(SOURCE DATA)
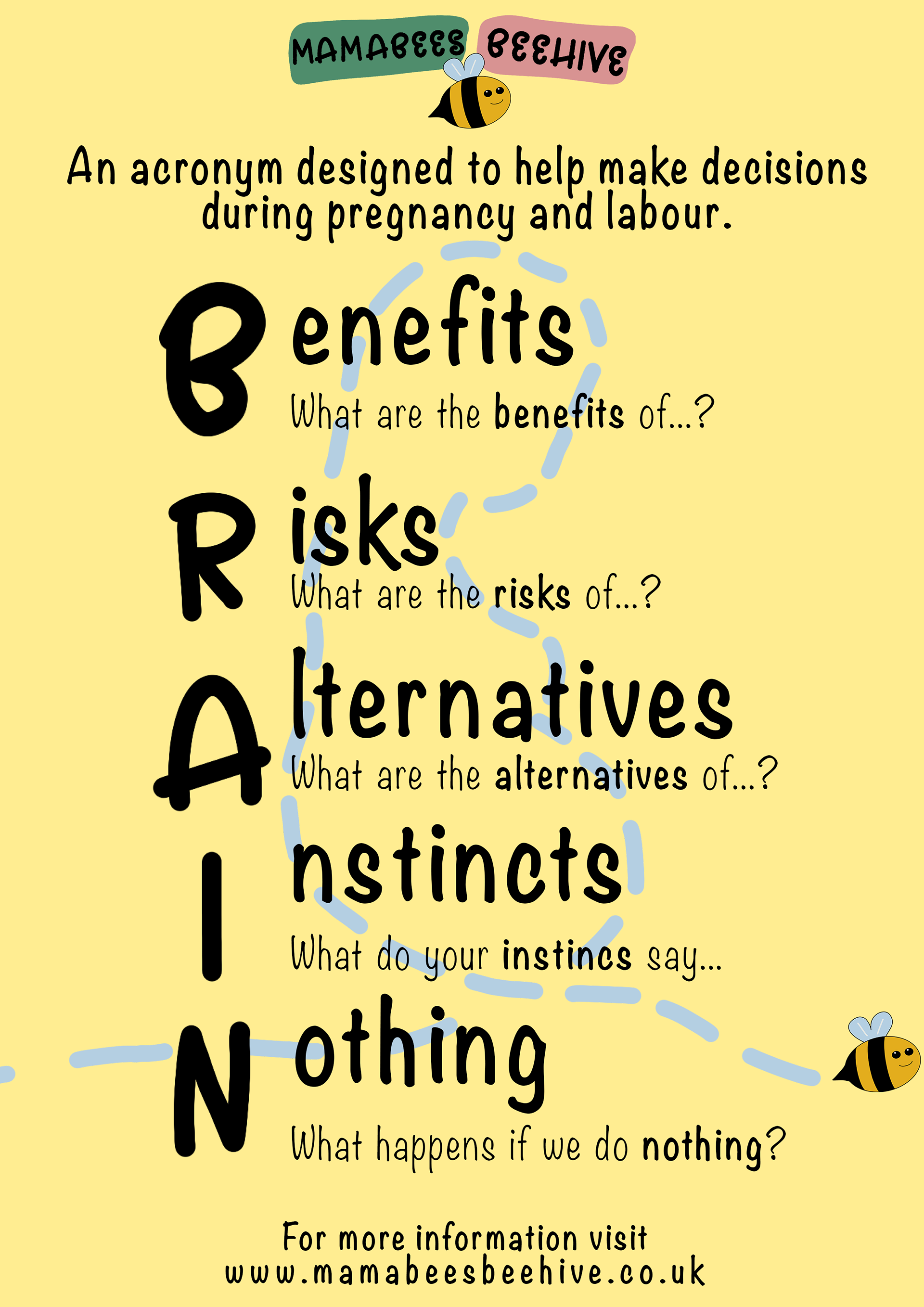 At the beginning of the project, I researched other mother and baby companies to see how they were branding themselves, but I also looked at other companies that used bees in the logo. This then inspired me to create different logos for my client until they were satisfied. I then went on to make the other secondary logos. I decided to hand-draw my own font to use for the logo and titles for social posts as I was unable to find one that would fit the theme I was going for. I also went for colours that are associated with children or babies, yellow, pink, blue and green. I kept these colours consistent through everything that I designed so there is a clear tone and message for the brand they are creating. During the meetings that we had, my client gave me a list of what they wanted such as business cards, feedback forms and information posters to hand out to expectant and new mothers. They also wanted to know that they could be trusted to listen to and that these classes are safe as they are both trained midwives and mothers themselves. I think this gave a unique aspect to their business. My clients were very happy with what I have created so far and have posted some of the work I have already created to their Instagram page @mama_bees_beehive.
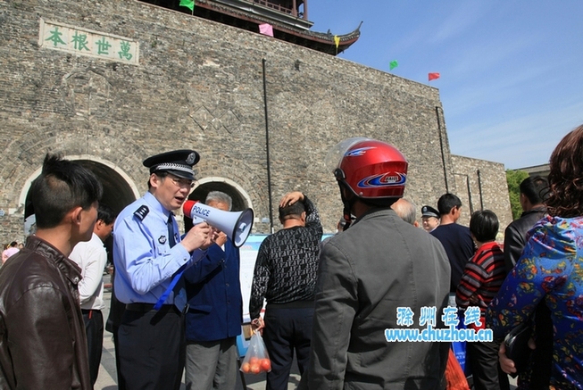 凤阳经侦民警在鼓楼广场向市民进行宣传。孟斌摄
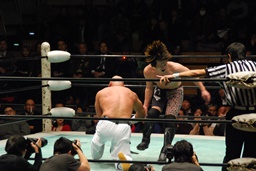 ハヤト「内容はどうあれ勝てたんで今日は俺の中では満点です。社長に対する思いを全て蹴りに込めて気合に込めて全てぶつけました。お客さんにはわからないこともあるかもしれない、でもこれが社長に対する感謝の気持ちとこれからのみちのくプロレスは俺たち若い世代に任せて下さいという気持ちです。」(右写真)
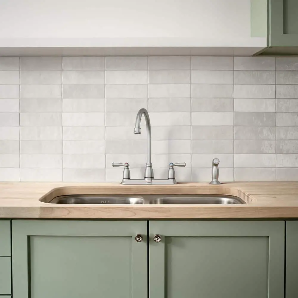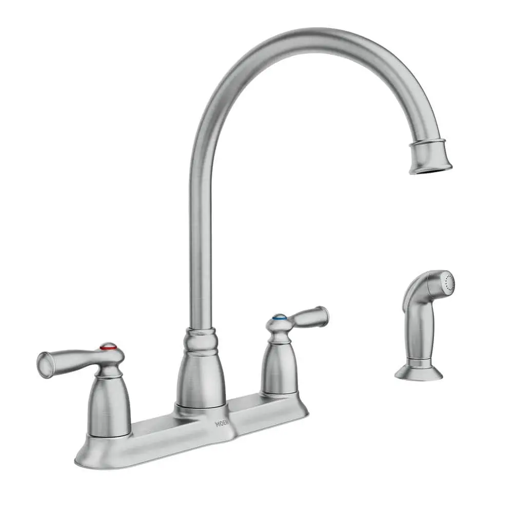 The MOEN Banbury 2-Handle Kitchen Faucet is an ideal choice for a busy kitchen, featuring a classic deck-mount design. Its Spot Resist finish helps prevent fingerprints and water spots, keeping the faucet looking pristine and easy to clean. The high-arc spout provides ample clearance for washing large pots and pans, while the included side sprayer offers added convenience for rinsing dishes and cleaning the sink.
(End SOURCE DATA)
* **WORK TO BE COMPLETED**
Nothing but the lines above from the one that has "凤阳经侦民警在鼓楼广场向市民进行宣传。孟斌摄" down to the one that has "ハヤト「内容はどうあれ勝てた" belongs in the answer, copied exactly, without pictures.

* **RESULT OF THE TASK**
 凤阳经侦民警在鼓楼广场向市民进行宣传。孟斌摄
 ハヤト「内容はどうあれ勝てたんで今日は俺の中では満点です。社長に対する思いを全て蹴りに込めて気合に込めて全てぶつけました。お客さんにはわからないこともあるかもしれない、でもこれが社長に対する感謝の気持ちとこれからのみちのくプロレスは俺たち若い世代に任せて下さいという気持ちです。」(右写真)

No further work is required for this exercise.